#### What you need to do:
The reply should be the records repeated exactly, without any images.

** Opening The data block **

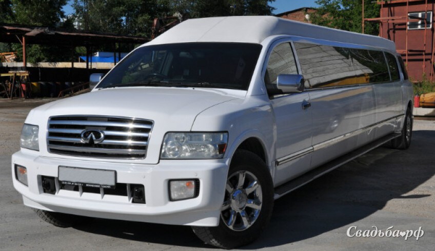 Стильный лимузин Infiniti QX 2012 года выпуска с безупречным белым кузовом и панорамными тонированными окнами отличается высоким кожаным салоном на 24 человека, самой современной техникой, оригинальной подсветкой, мягкими диванами и стильными барами со всей необходимой посудой. При заказе данного автомобиля действует специальная скидка.
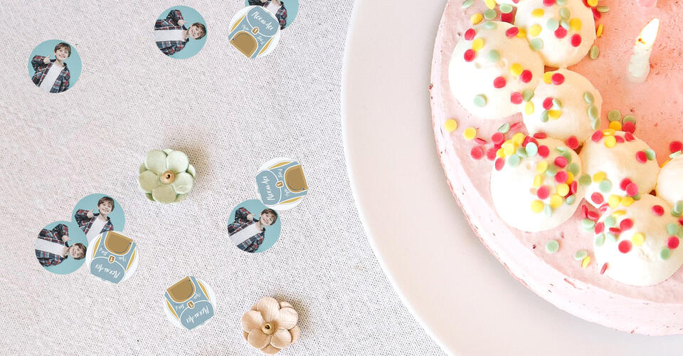 Zaubere den Gästen Deiner Einschulungsfeier mit selbst erstelltem Konfetti ein Lächeln ins Gesicht. Such Dir jetzt eines unserer fröhlichen Designs aus und personalisiere die Streudeko ganz einfach online mit den Lieblingsfotos des Schulkindes und Deinem eigenen Text.
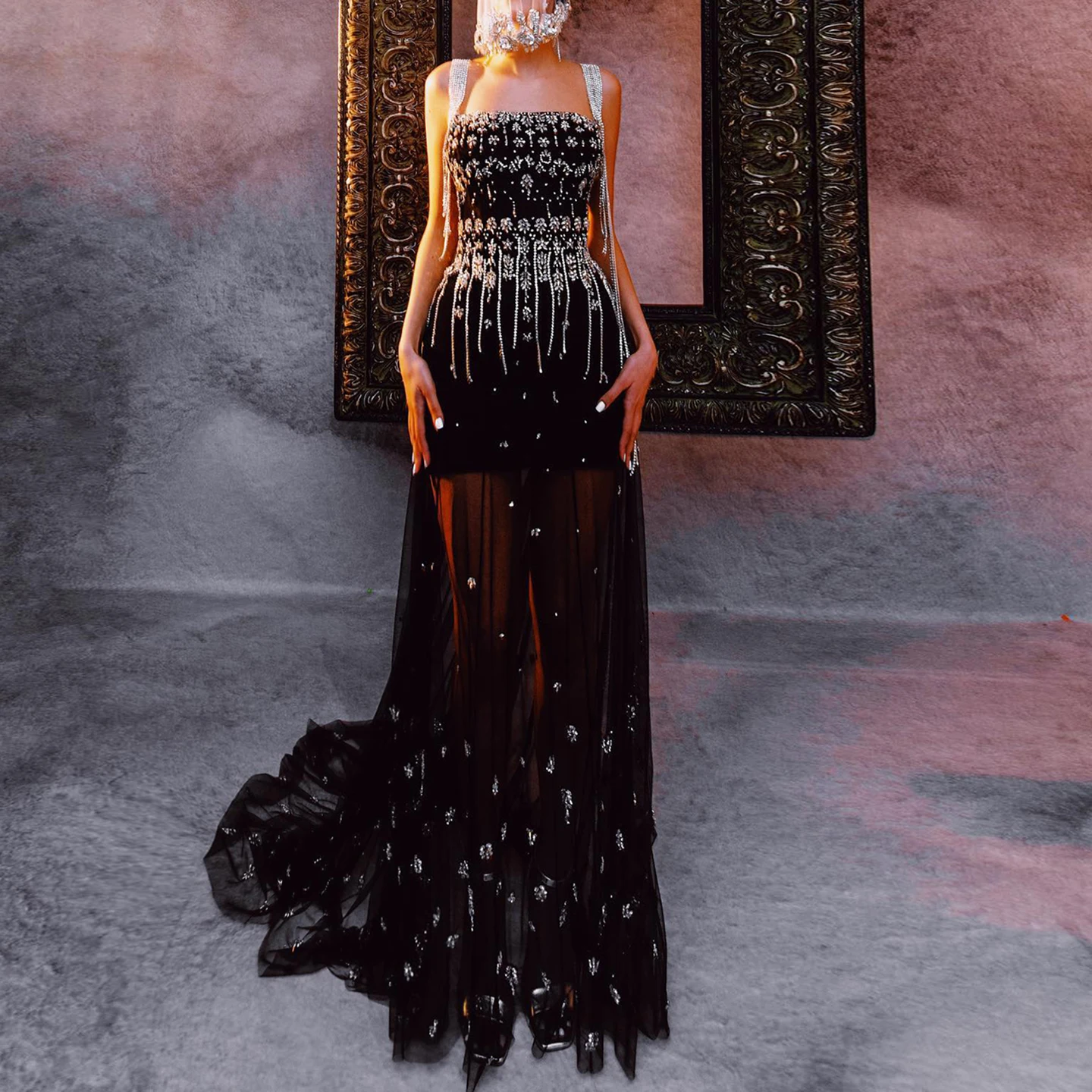 Luxury Crystal Tassle Black Evening Dress with Straps / Cape Strapless Gown
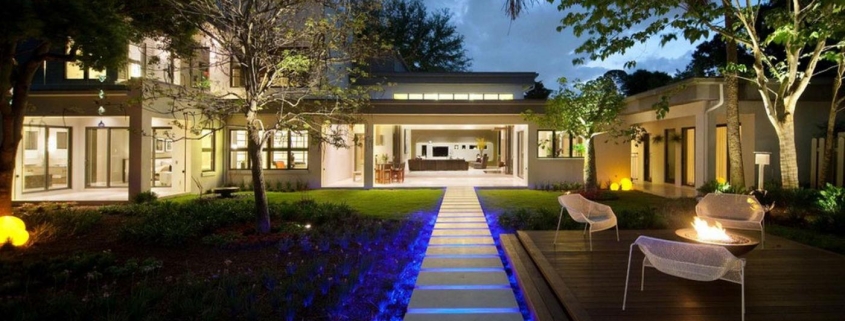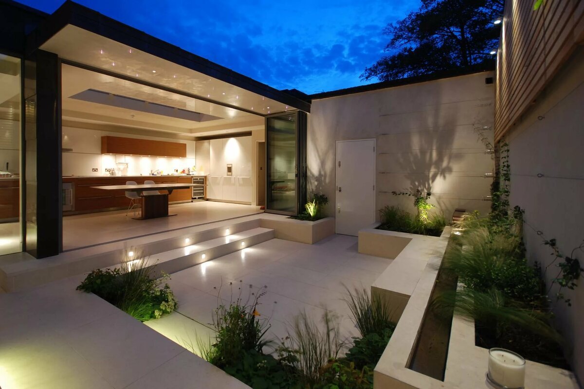 Есть еще одна интересная и эффектная тенденция в освещении дворов. Это умное и интеллектуальное освещение. В чем его смысл? Оно означает более высокий уровень безопасности и управления с помощью достаточно простых систем управления – дистанционных пультов и даже определенных команд голоса. Можно устроить интеллектуальное освещение ландшафтных зон с помощью систем ГуглАссистент и Алекса. Такие системы способны полностью контролировать освещение всего участка, или его отдельных зон.
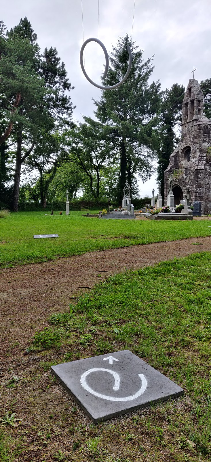 Перед часовней повесили вот такую штуковину. Такое глубоко философское произведение. Если встать на плитку с "буквой", с ней эту штуковину видно именно так.
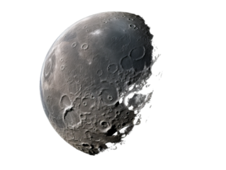 A top wiev of the moon isolated on transparent background.
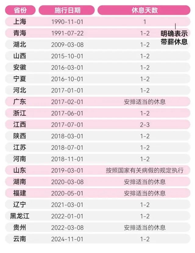 據統計*全國目前已有20個省份實行“痛經假”。*各地情況如下:
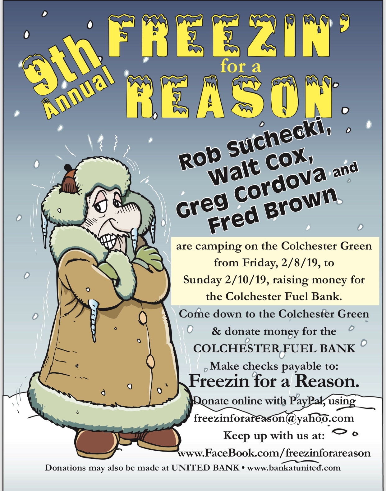 Please visit the 2019 Freezin’ for a Reason fundraiser on the Colchester Town Green from 2:00 pm Friday, Feb. 8 to noon on Sunday, Feb. 10 and drop a few dollars into their bucket. If you can’t make it to the Green, visit any United Bank location and deposit to their (Freezin’ for a Reason) account. If you can’t do that, please use PayPal and use the email address freezinforareason@yahoo.com to donate.
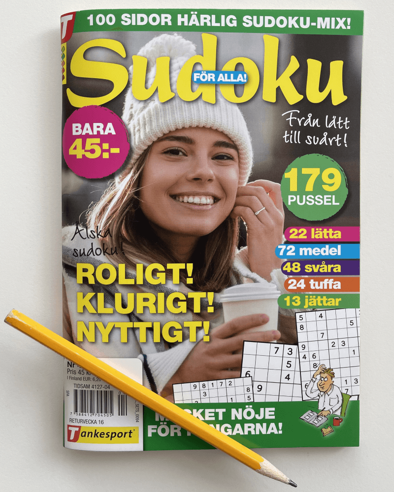 Låter detta klurigt och kul? Då är du inte ensam. Sudoku är omåttligt populärt och tidningen Sudoku för alla är en av de största tidningarna i sin genre i Sverige. I varje nummer får du 100 sidor av sudoku, från lätta till riktigt svåra. Längst bak i samma tidning hittar du alla lösningar.
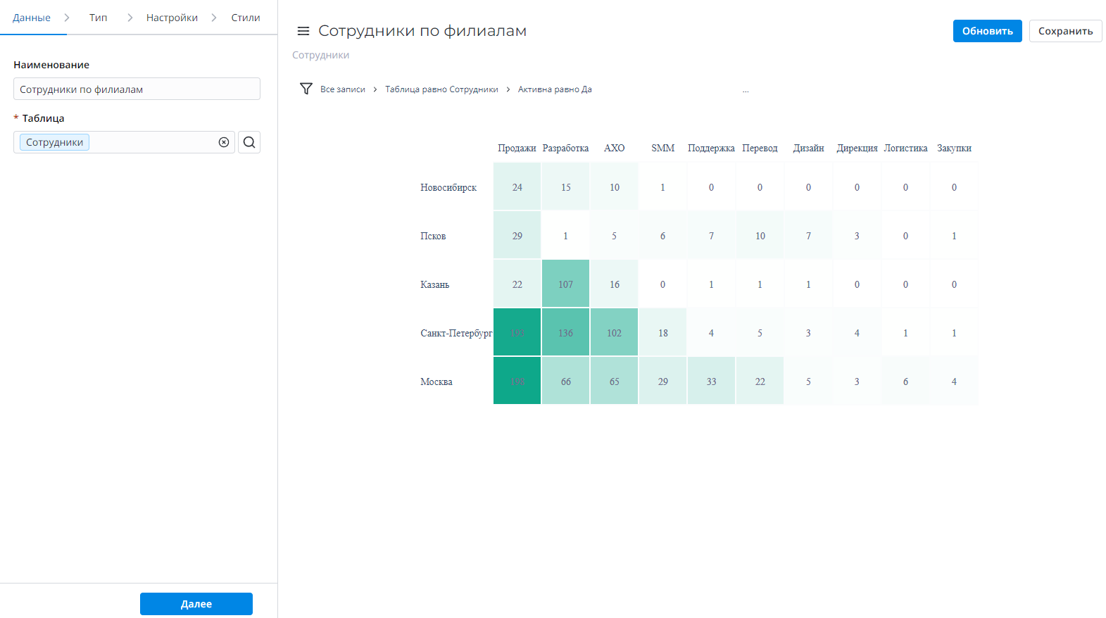СтолбецДаВыберите колонку таблицы, которая будет использоваться как столбец для тепловой карты отчета.
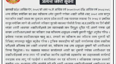 विभागले विगत आर्थिक वर्षहरुदेखि कर तिर्न बाँकी भएका मोटरसाइकल धनीहरुलाई कर तथा नवीकरण समयमै भुक्तानी गरेर लाभ लिन आग्रहसमेत गरेको छ ।
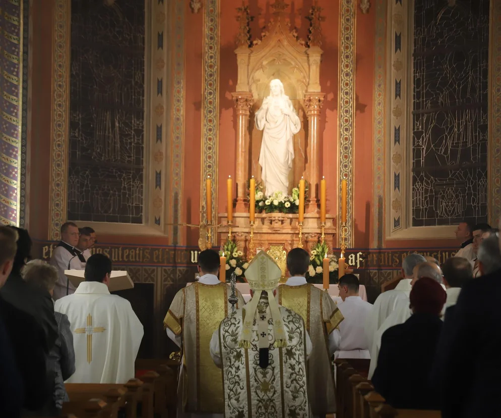 Podczas Mszy św. poświęcił odnowione wnętrze kaplicy Najświętszego Serca Pana Jezusa – m.in. polichromię, witraż św. Jana Pawła II oraz nową ambonę.
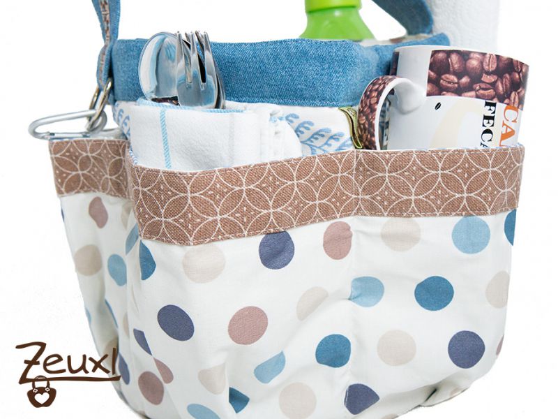 Bis auf den Henkel und die Dekobänder an den Rändern ist der Outdoorkorb aus beschichteter Baumwolle genäht. So kann er gut feucht abgewischt oder auch mal auf feuchtem Untergrund abgestellt werden.
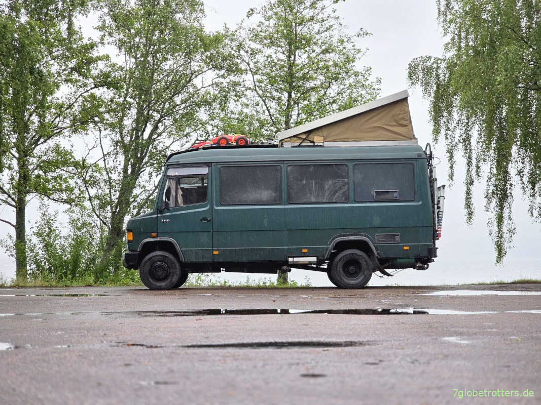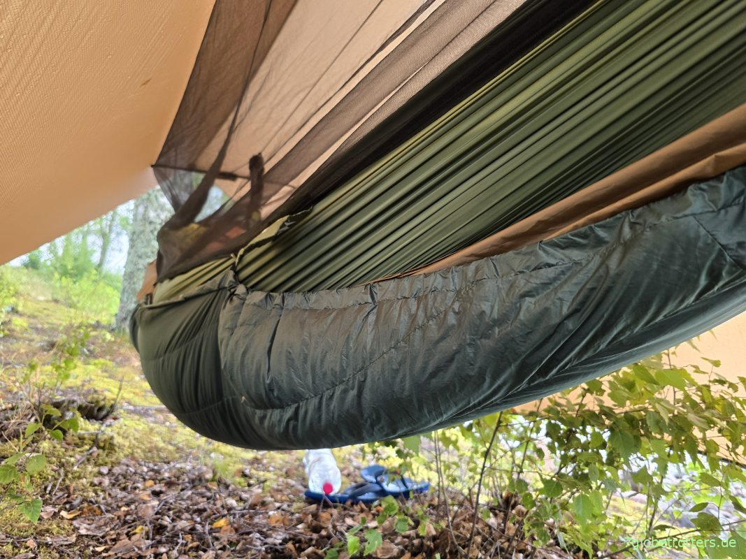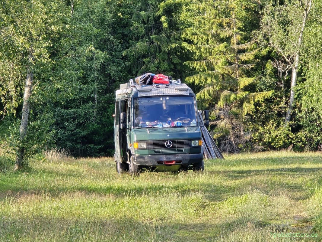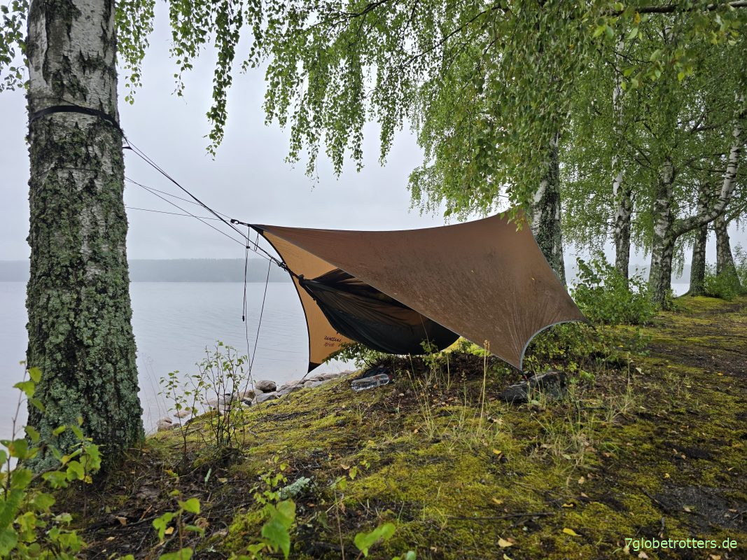 In der Nacht hat es ganz schön geregnet. Zum Glück ist diesmal die Schwedenklappe zu und das Dach wieder dicht. Der Jüngste war die ganze Zeit draußen in der Hängematte, aber das Tarp ist dicht.
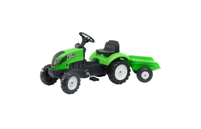 Falk Country Farmer traptractor, speciaal ontworpen voor kleine tuinders die graag zand, bladeren, aarde en kiezelstenen willen laden en vervoeren met de bijbehorende aanhanger. Ontwikkelt autonomie en verbeeldingskracht! Deze groene tractor is erg goed wendbaar, dankzij het directionele stuur met claxon. Voorzien van aanpasbare nummerplaat om een naam op te schrijven, of een bijnaam te geven aan deze leuke trekker!
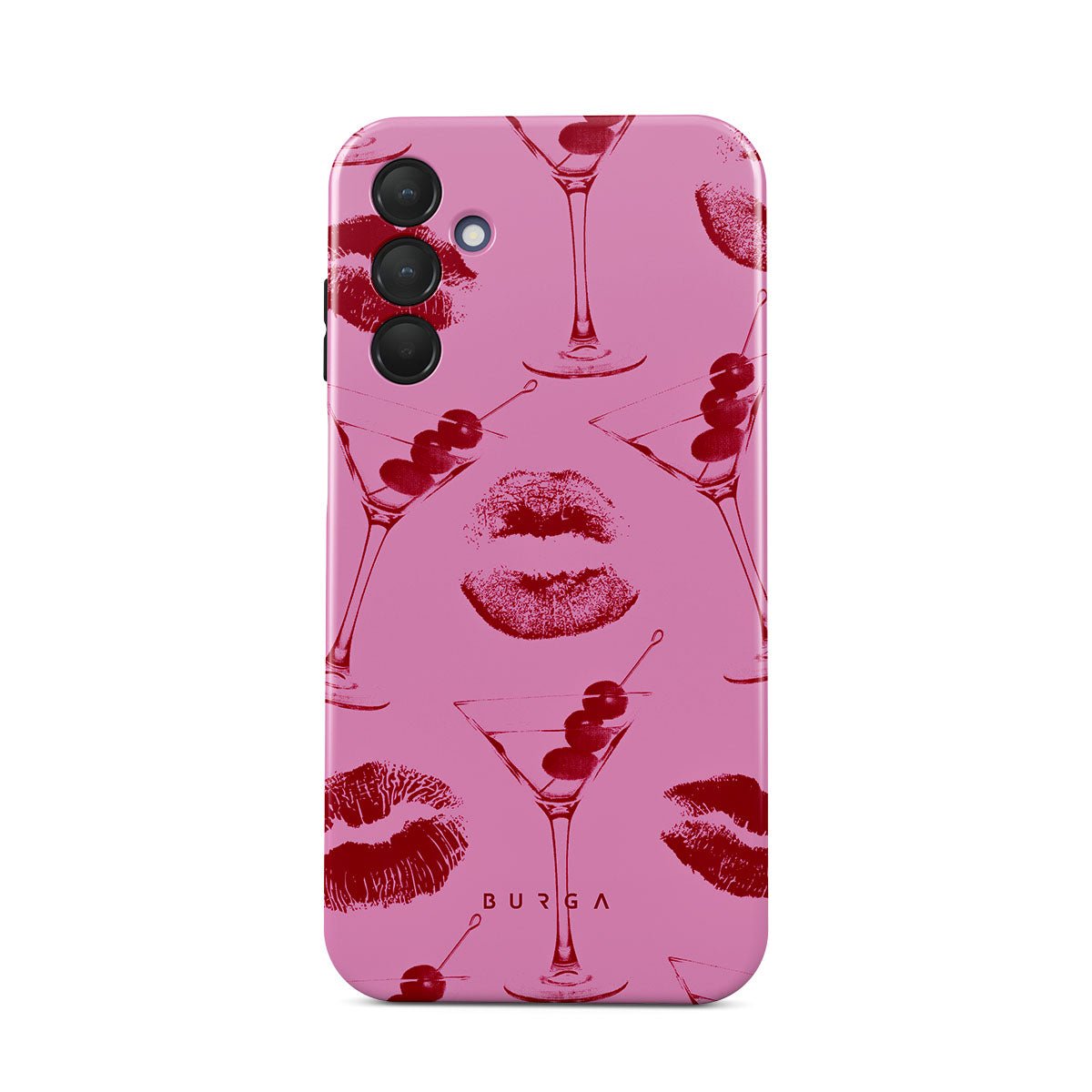 Kenmerken van dit ontwerp: rode lippen, kussen, cocktailglazen, martini's.
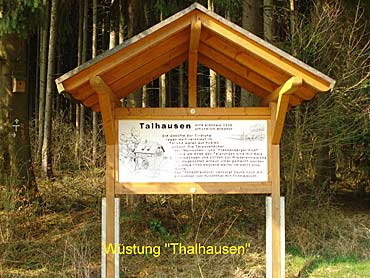 Nun gelangen wir zur anderen Seite des Wiesengrundes (Zugang: R 3 + R 4) und wandern nach links in das Tal hinein wo wir alsbald die Infotafel zur ehemaligen Siedlung Thalhausen" erreichen. Das Dorf lag im oberen Fischbachtal und wird 1329 urkundlich erwähnt (300 m NN). Im Jahr 1554 wird es bereits wieder als Wüstung bezeichnet. Die Gehöfte der Siedlung lagen weit verstreut im Tal und waren auf Podien gebaut. Bis 1700 bestand noch die Thalhäuser Mühle".
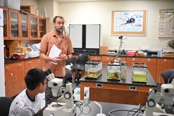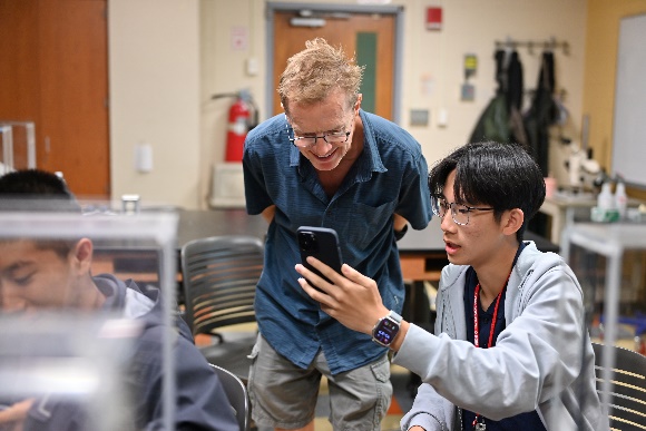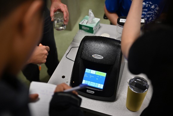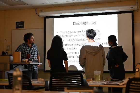 Dr. Wallace是研究水質優養化的專家,課程內容主要帶大家了解優養化對環境生態的影響,優養化的成因,除了自然環境因素,大部分來自人類的活動,尤其是農業、工業廢水的汙染,教授首先邀請同學們腦力激盪,思考如何以最有效的方式改善環境,接著讓學生用顯微鏡觀測海水中的微生物,分辨何為藻類、何為動物,並從培養海觀察水中的有機物質如何影響其生長。
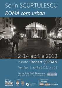 Marți, 2 aprilie 2013, de la ora 18.00, la Muzeul de Artă din Timişoara (Palatul Baroc, Piaţa Unirii nr.1), va avea loc vernisajul expoziţiei “Roma, corp urban” a artistului vizual Sorin Scurtulescu, fost bursier “Vasile Pârvan” la Accademia di Romania din Roma. Curator: Robert Șerban. În cadrul vernisajului vor lua cuvântul Marcel Tolcea, directorul Muzeului de Artă Timişoara şi Robert Şerban, curatorul expoziției. Expoziţia va fi deschisă până în data de 14 aprilie 2013 şi poate fi vizitată zilnic, între orele 10-18 (lunea închis).

** Closing The data block **

#### Written solution:
 Стильный лимузин Infiniti QX 2012 года выпуска с безупречным белым кузовом и панорамными тонированными окнами отличается высоким кожаным салоном на 24 человека, самой современной техникой, оригинальной подсветкой, мягкими диванами и стильными барами со всей необходимой посудой. При заказе данного автомобиля действует специальная скидка.
 Zaubere den Gästen Deiner Einschulungsfeier mit selbst erstelltem Konfetti ein Lächeln ins Gesicht. Such Dir jetzt eines unserer fröhlichen Designs aus und personalisiere die Streudeko ganz einfach online mit den Lieblingsfotos des Schulkindes und Deinem eigenen Text.
 Luxury Crystal Tassle Black Evening Dress with Straps / Cape Strapless Gown
 Есть еще одна интересная и эффектная тенденция в освещении дворов. Это умное и интеллектуальное освещение. В чем его смысл? Оно означает более высокий уровень безопасности и управления с помощью достаточно простых систем управления – дистанционных пультов и даже определенных команд голоса. Можно устроить интеллектуальное освещение ландшафтных зон с помощью систем ГуглАссистент и Алекса. Такие системы способны полностью контролировать освещение всего участка, или его отдельных зон.
 Перед часовней повесили вот такую штуковину. Такое глубоко философское произведение. Если встать на плитку с "буквой", с ней эту штуковину видно именно так.
 A top wiev of the moon isolated on transparent background.
 據統計*全國目前已有20個省份實行“痛經假”。*各地情況如下:
 Please visit the 2019 Freezin’ for a Reason fundraiser on the Colchester Town Green from 2:00 pm Friday, Feb. 8 to noon on Sunday, Feb. 10 and drop a few dollars into their bucket. If you can’t make it to the Green, visit any United Bank location and deposit to their (Freezin’ for a Reason) account. If you can’t do that, please use PayPal and use the email address freezinforareason@yahoo.com to donate.
 Låter detta klurigt och kul? Då är du inte ensam. Sudoku är omåttligt populärt och tidningen Sudoku för alla är en av de största tidningarna i sin genre i Sverige. I varje nummer får du 100 sidor av sudoku, från lätta till riktigt svåra. Längst bak i samma tidning hittar du alla lösningar.
СтолбецДаВыберите колонку таблицы, которая будет использоваться как столбец для тепловой карты отчета.
 विभागले विगत आर्थिक वर्षहरुदेखि कर तिर्न बाँकी भएका मोटरसाइकल धनीहरुलाई कर तथा नवीकरण समयमै भुक्तानी गरेर लाभ लिन आग्रहसमेत गरेको छ ।
 Podczas Mszy św. poświęcił odnowione wnętrze kaplicy Najświętszego Serca Pana Jezusa – m.in. polichromię, witraż św. Jana Pawła II oraz nową ambonę.
 Bis auf den Henkel und die Dekobänder an den Rändern ist der Outdoorkorb aus beschichteter Baumwolle genäht. So kann er gut feucht abgewischt oder auch mal auf feuchtem Untergrund abgestellt werden.
 In der Nacht hat es ganz schön geregnet. Zum Glück ist diesmal die Schwedenklappe zu und das Dach wieder dicht. Der Jüngste war die ganze Zeit draußen in der Hängematte, aber das Tarp ist dicht.
 Falk Country Farmer traptractor, speciaal ontworpen voor kleine tuinders die graag zand, bladeren, aarde en kiezelstenen willen laden en vervoeren met de bijbehorende aanhanger. Ontwikkelt autonomie en verbeeldingskracht! Deze groene tractor is erg goed wendbaar, dankzij het directionele stuur met claxon. Voorzien van aanpasbare nummerplaat om een naam op te schrijven, of een bijnaam te geven aan deze leuke trekker!
 Kenmerken van dit ontwerp: rode lippen, kussen, cocktailglazen, martini's.
 Nun gelangen wir zur anderen Seite des Wiesengrundes (Zugang: R 3 + R 4) und wandern nach links in das Tal hinein wo wir alsbald die Infotafel zur ehemaligen Siedlung Thalhausen" erreichen. Das Dorf lag im oberen Fischbachtal und wird 1329 urkundlich erwähnt (300 m NN). Im Jahr 1554 wird es bereits wieder als Wüstung bezeichnet. Die Gehöfte der Siedlung lagen weit verstreut im Tal und waren auf Podien gebaut. Bis 1700 bestand noch die Thalhäuser Mühle".
 Dr. Wallace是研究水質優養化的專家,課程內容主要帶大家了解優養化對環境生態的影響,優養化的成因,除了自然環境因素,大部分來自人類的活動,尤其是農業、工業廢水的汙染,教授首先邀請同學們腦力激盪,思考如何以最有效的方式改善環境,接著讓學生用顯微鏡觀測海水中的微生物,分辨何為藻類、何為動物,並從培養海觀察水中的有機物質如何影響其生長。
 Marți, 2 aprilie 2013, de la ora 18.00, la Muzeul de Artă din Timişoara (Palatul Baroc, Piaţa Unirii nr.1), va avea loc vernisajul expoziţiei “Roma, corp urban” a artistului vizual Sorin Scurtulescu, fost bursier “Vasile Pârvan” la Accademia di Romania din Roma. Curator: Robert Șerban. În cadrul vernisajului vor lua cuvântul Marcel Tolcea, directorul Muzeului de Artă Timişoara şi Robert Şerban, curatorul expoziției. Expoziţia va fi deschisă până în data de 14 aprilie 2013 şi poate fi vizitată zilnic, între orele 10-18 (lunea închis).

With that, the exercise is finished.